Perceived as a “western disease”, gluten sensitivity has never really been taken seriously in developing countries like India. Due to lack of awareness it has remained highly under-diagnosed [11] . According to Ramakrishna, celiac disease is an impending epidemic [12] . As per Singh, India is an important global producer of important gluten-free sources such as sorghum, rice, corn, soybeans, millets, and pulses [13] . The gluten-free foods’ market in Asia-Pacific region including India is estimated to grow from $340.8 million in 2013 to $502.5 million by 2018, at a CAGR of 8.1% from 2013 to 2018. Gluten-free bakery & confectionery segment has acquired the largest share of the gluten-free foods market in India [14] .
Online blogs, articles and reviews have played a major role in increased sales of gluten-free foods. Thus, analysis of editorial and social media content becomes essential to understand the leading trends in gluten-free foods. Trend analysis via sentiment analysis and trend impressions provides in-depth analyses of public opinion and causes for those opinion [15] .
Sentiment analysis is a type of natural language processing for tracking the mood of the public about a particular product or topic [16] . Sentiment analysis, which is also called opinion mining, involves in building a system to collect and examine opinions about the product made in blog posts, comments, reviews or tweets [17] . Sentiment analysis can be useful in several ways. For example, in marketing it helps in judging the success of an ad campaign or new product launching, determining which versions of a product or service are popular and even identifying which demographics like or dislike particular features [18] . The difference between sentiment analysis from editorial media and social media (Facebook, Twitter, Youtube) sentiment analysis is that text is short, usually one sentence composed of at most 140 characters, in the case of Twitter [19] .
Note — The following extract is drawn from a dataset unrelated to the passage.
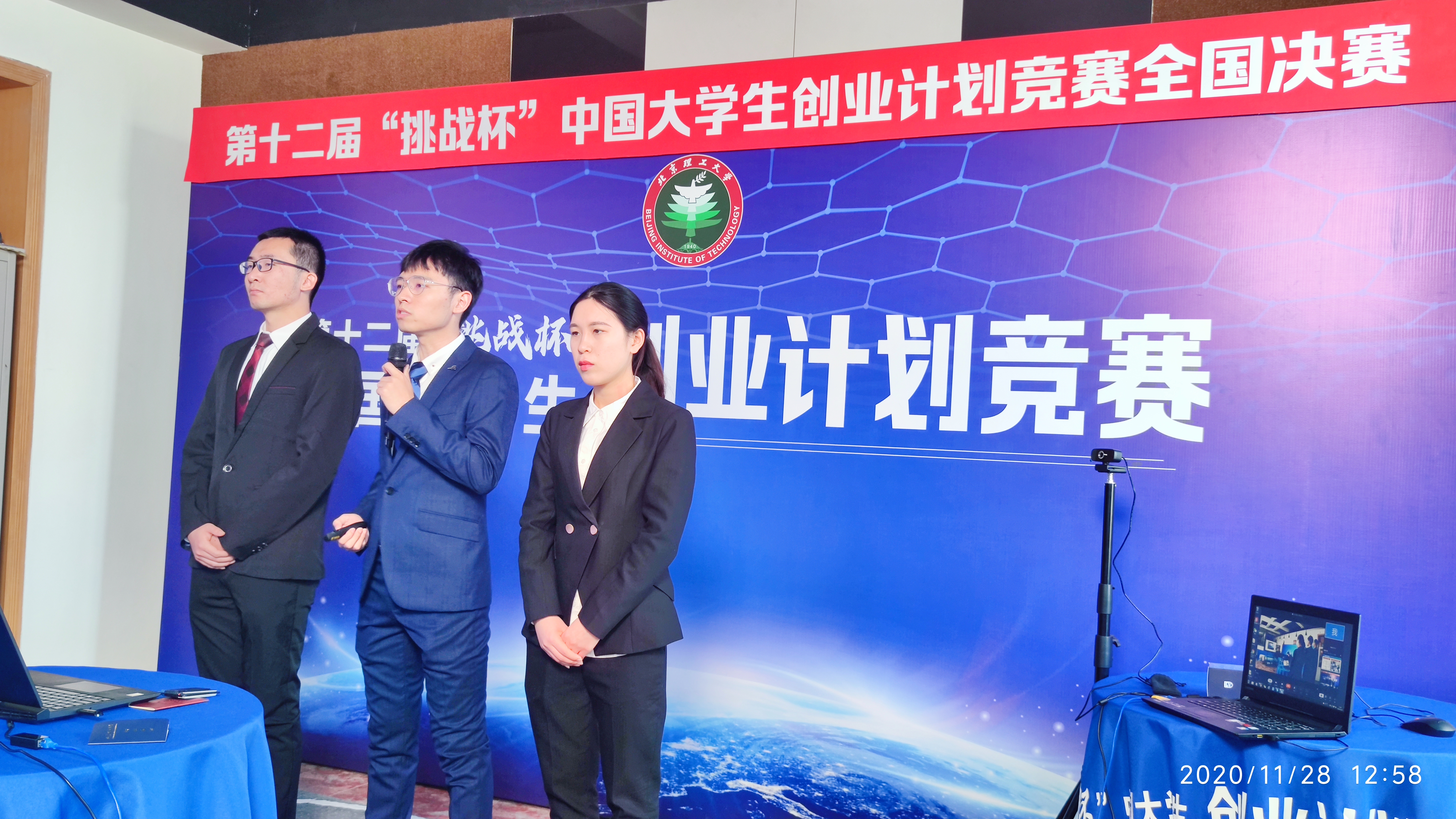 挑战杯大赛引导和激励了一批批青年通过广泛的社会实践、深刻的社会观察,不断增强对国情社情的了解,激发创新精神,培育创业意识,提升社会化能力。为了更好地筹备此次比赛,学院党委批准成立挑战杯备赛临时党支部,学院创新创业中心邀请专业导师对参赛项目进行一对一的精心指导,开展挑战杯”云培训“28次,专题会议指导11次,对项目选题、项目进度、技术研发和团队合作进行全流程的帮助与支撑,王罡、周梦莹、阮本帅、贾良跃参赛团队核心骨干备赛历时一年,全体成员坚韧不拔,刻苦努力,积极拼搏,最终取得了优秀的成绩。

In this study, consumer preferences for gluten-free foods were analyzed on the basis of public sentiment obtained from social and editorial media data. The study provided deep insights about positive, negative and neutral sentiments related to gluten-free foods. The study also revealed that most of the consumers talked and expected product innovation in food sections like snacks, fast food (pizza, pasta and noodles) and desserts on social and editorial media. In this study, especial focus was laid to explore the top searched key words on editorial and social media related to gluten-free foods. Searches were divided into developed (e.g., U.S.A.) and developing nations (e.g., India) to get more details about the consumer preferences. This study would help manufacturers of gluten-free foods to develop food products according to the choices and preferences of consumers. The study is very unique in itself since it combines big data to the niche market of gluten-free foods to draw the valuable consumer preferences using online platforms.
2. Methodology
The editorial and social media data was crawled into excel format with help of an American data company “Perspectory Media Insights” [20] [21] . For editorial media, Perspectory Media Insights collects data from 240 million media outlets and Google Trends uses all the web and media portals connected to Google. In case of social media, Perspectory Media Insights has data contract with Facebook, Twitter, Youtube, Instagram and all Google based blogging site to provide allthe non-protected freely accessible data including comments, tweets, blog reports etc. Perspectory Media nsights uses ‘Natural Language Processing technique’ to rate the public reviews or comments on editorial and social media as “positive”, “negative” or “neutral” sentiment. Positive sentiment includes good things which consumers wrote on editorial and social media (e.g., taste of gluten-free was good or I like organic gluten-free foods). Negative sentiment included about complaints or side-effects of gluten-free foods (e.g., gluten-free food are expensive, gluten-free are not healthy). Neutral sentiment included the general information related to gluten-free foods (e.g., gluten-free cookies are available at our store; I am recently diagnosed with celiac-disease-any comments for the diet please).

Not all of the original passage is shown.